Невозможная жара и духота! Воздух сухой. Над морем, на горизонте, черно-серая туча. Обязательно будет гроза. Я, как кошка, чувствую приближение грозы. В такую жару страшно перейти двор, а неугомонная Женя тащит меня полверсты в гору с визитом к Сидоренко. Это ей пришло в голову сегодня за завтраком, и она смакует его удивление, его восторг при виде меня и потом досаду, что у него не получится сказать со мной ни одного слова.

– Я буду вечно тут! Вот он мне все в любви объясняется, я и сделаю вид, что поверила, заплачу и скажу: поговорите с мамашей. Воображаю его физиономию! Не кружи голову наивным девицам, не объясняйся зря в любви.

Женя так мила в своем шаловливом настроении, что я не могла ей отказать и тащусь за ней на гору, к белому домику, где живет Сидоренко.

– Тс-с… Тата! Мы сейчас их накроем в легких туалетах, то-то всполошатся! – шепчет Женя.

Я делаю движение назад. В тени дома под развесистым эвкалиптом в плетеном кресле полулежит Старк. Жакет его белого костюма висит на дереве. Он без жилета, и ворот его голубой мягкой рубашки расстегнут.

Сидоренко, в темной русской рубашке тоже с расстегнутым воротом и без пояса, приготовляет какое-то питье со льдом. Я вижу нежную шею Старка, отделяющуюся резкой чертой от загорелого лица, и мне делается буквально страшно. Я хочу убежать, но момент упущен. Женя распахивает калитку и объявляет:

– Отряд казаков врывается в мирную китайскую деревню. Вы взяты в плен!

Мужчины вскакивают. Сидоренко хочет бежать в дом, а Старк хватается за свой жакет.

– Ни с места! – кричит Женя, прикладывая к плечу свой зонтик, как ружье. – Одно движение, и мы… исчезаем.

– Нет, нет! Ради бога, не уходите, мы так счастливы видеть вас, – говорит Старк.

– Не можем же мы оставаться в таких костюмах при дамах! – с отчаянием бормочет Сидоренко.

– Вам, Виктор Петрович, разрешается подпоясаться, а г-н Старк и так хоть на бал в своих белых туфельках и голубых носочках! Разрешается еще привести в порядок ваши декольте, – решительно объявляет Женя.

– Позвольте надеть хоть галстук! – просит Старк. – Нельзя же быть при дамах таким чучелом.

– Чучела, молодой человек, женского рода, а чучело среднего… Милостивые государи и милостивые государыни, посмотрите на этого мужчину! В нем кокетства хватить на десять женщин и на нашу Таточку даже.
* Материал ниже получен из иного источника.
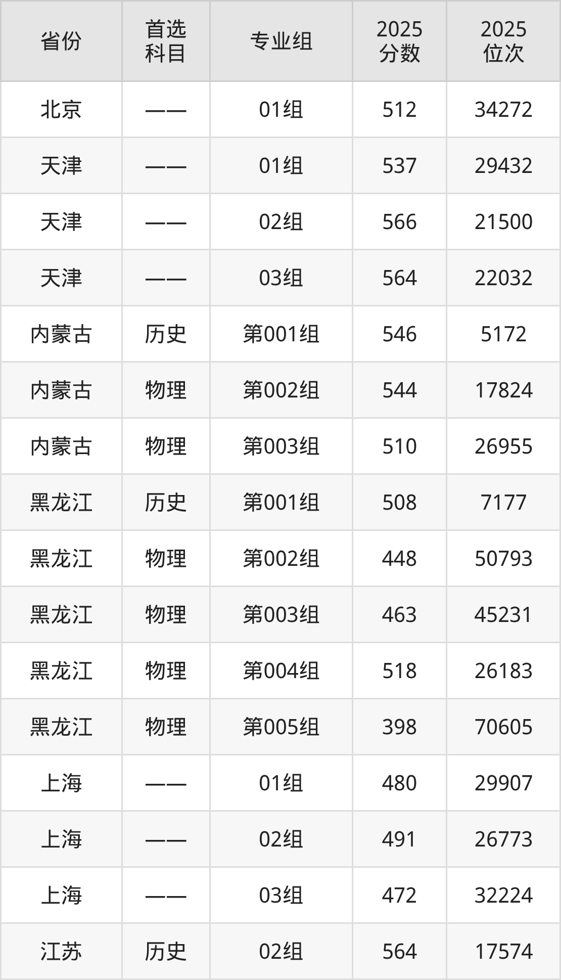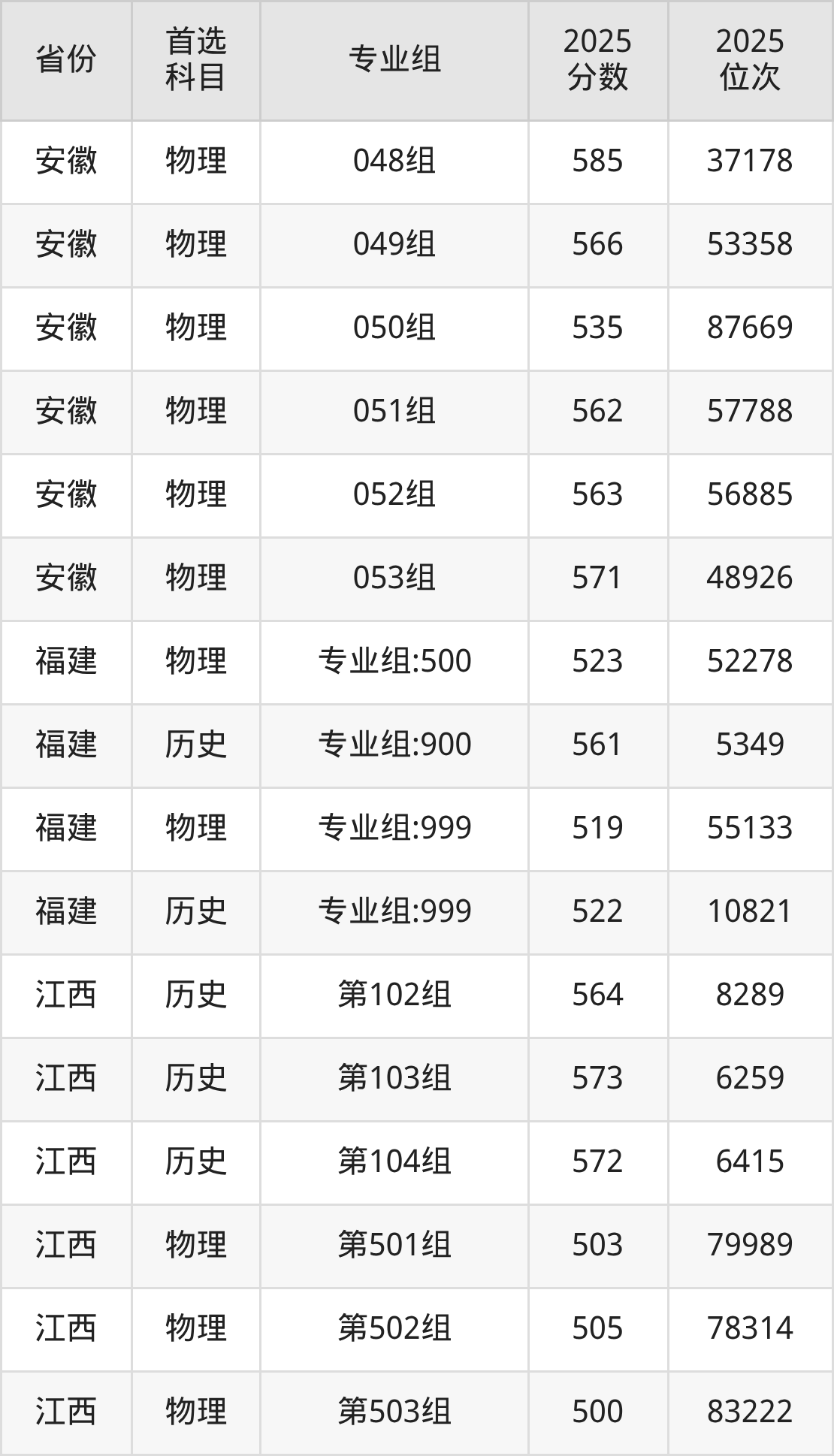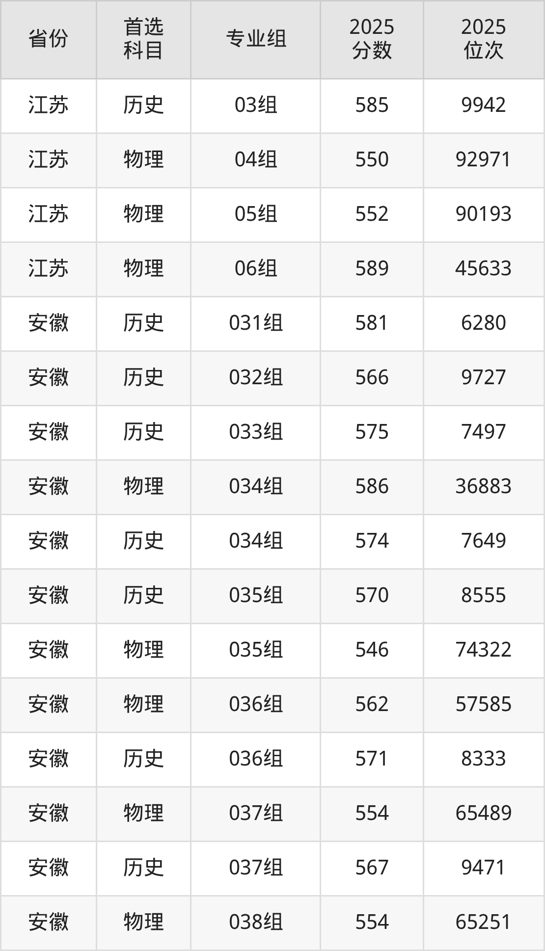 因为大部分地区目前只公布了院校(专业组)分数线,为了方便2026年考生参考,本文就整理出安徽师范大学在全国各省不同科类的最低分:

Он прекрасно знает, что он очарователен, что голубой цвет ему чрезвычайно к лицу, но он… Ах вы! – прибавляет она, махнув рукой.

Я ужасно благодарна Жене за ее болтовню: она дает мне время оправиться.

Сидоренко не знает, чем нас угостить и где посадить. Он вбегает в дом, тормошит своего слугу – неподвижного, сонного турка.

На столе появляются крюшон, фрукты, печенье.

Старк срезает для нас цветы и тихо, чуть слышно, произносит, кладя мне на колени несколько полураспустившихся чайных роз:

– Они тоже бледны от страсти.

А ведь это красиво. Вся его любовь красива. Отчего я так поверила сразу в эту любовь? Отчего я ни минуты не думала, что он лжет и притворяется? Я, такая недоверчивая в этом отношении, поверила, поверила в эту красивую любовь. Сейчас я боюсь только одного – чтобы не выдать себя, я стараюсь не смотреть на него. Он так сегодня красив.

Прости меня, голубчик Сидоренко, если я так глупо кокетничаю с тобой, стараясь скрыть, как понемногу моя страсть одолевает меня. Я шумно весела, в моем веселье слезы, но Сидоренко их не замечает, он совсем растаял и все встряхивает кудрями.

Женя, наевшись всего, что только было на столе, вспоминает свой план извести Виктора Петровича, напускает на себя томность, но не выдерживает, взглядывает на меня, и мы обе хохочем.

– Я вас не видал давно такой оживленной, Татьяна Александровна, – говорит Сидоренко. – Последнее время вы задумчивы и сердиты.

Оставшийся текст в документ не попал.